## Provided data:
**********
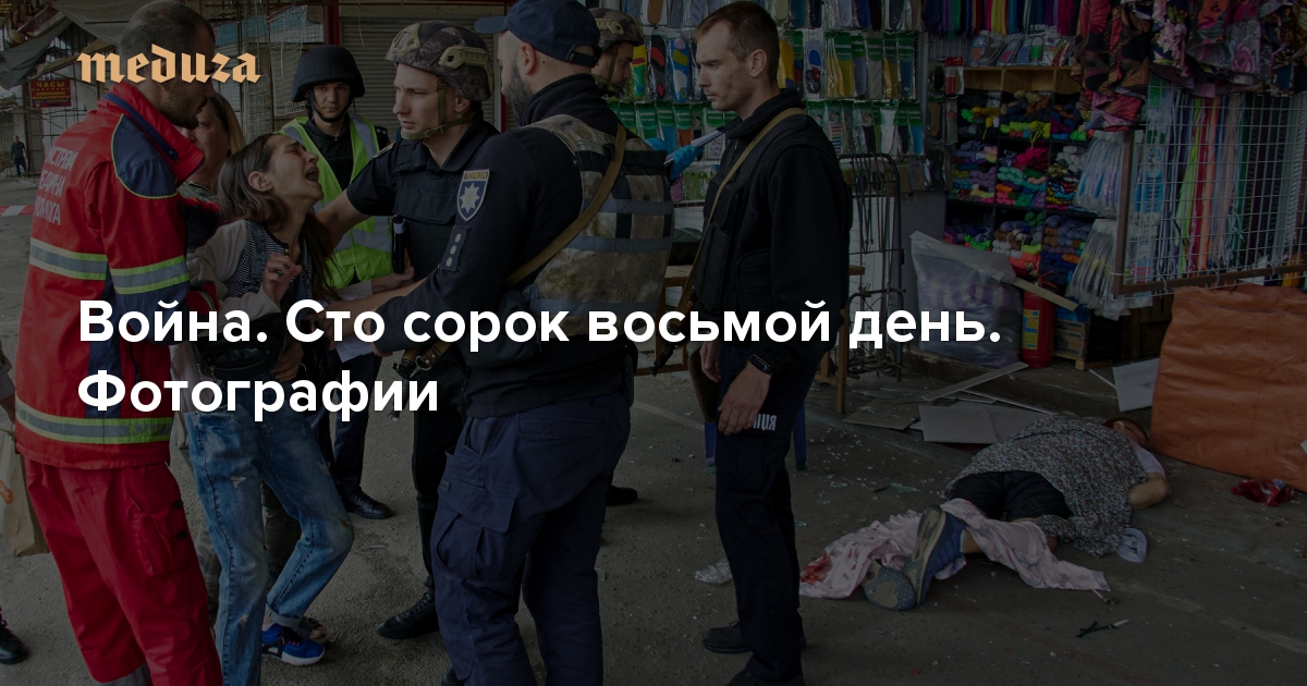 Российские войска обстреляли рынок в Харькове и автобусную остановку рядом с ним — погибли три человека (очевидцы рассказывают, что некоторые раненые «горели полностью»). В Краматорске под завалами разрушенной школы находятся два человека, один человек погиб. Директор ЦРУ сообщил, что, по данным американских спецслужб, в Украине погибло около 15 тысяч российских военных. В отношении России вступил в силу седьмой пакет санкций ЕС — он включает частичный запрет на импорт российского золота. «Медуза» публикует главные фотографии сто сорок восьмого дня войны.
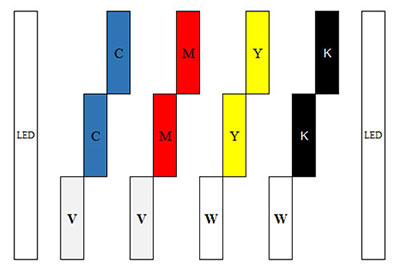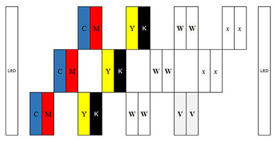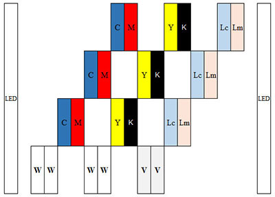 CMYK, CMYK + W, CMYK + V, CMYK + W + V, CMYK + Lc + Lm, CMYK + Lc + Lm + W, CMYK +Lc + Lm + V, CMYK + Lc + Lm + W + V
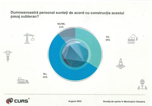 Dorim totodată să vă informăm că la inițiativa noastră, Centrul de Sociologie Urbană și Regională – CURS a fost realizat un sondaj de opinie în municipiu, al cărui rezultat îl atașăm prezentei, în urma căruia a reieșit că un procent de 55 % dintre câmpineni NU doresc realizarea unui pasaj subteran în centrul localității.
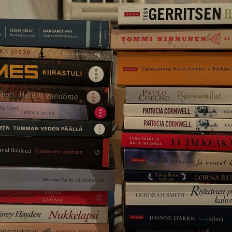 Myydään kasa pokkareita. Kaikki lukemattomia, mutta säilytyksessä osaan tullu "taitoksia", ks kuva 2. Myydään kaikki kerralla, yhteishinta.
**********
What is needed is a verbatim copy of the lines running from the one with "CMYK, CMYK +" through the last line of the listing above, excluding any pictures.

## Exercise response:
 CMYK, CMYK + W, CMYK + V, CMYK + W + V, CMYK + Lc + Lm, CMYK + Lc + Lm + W, CMYK +Lc + Lm + V, CMYK + Lc + Lm + W + V
 Dorim totodată să vă informăm că la inițiativa noastră, Centrul de Sociologie Urbană și Regională – CURS a fost realizat un sondaj de opinie în municipiu, al cărui rezultat îl atașăm prezentei, în urma căruia a reieșit că un procent de 55 % dintre câmpineni NU doresc realizarea unui pasaj subteran în centrul localității.
 Myydään kasa pokkareita. Kaikki lukemattomia, mutta säilytyksessä osaan tullu "taitoksia", ks kuva 2. Myydään kaikki kerralla, yhteishinta.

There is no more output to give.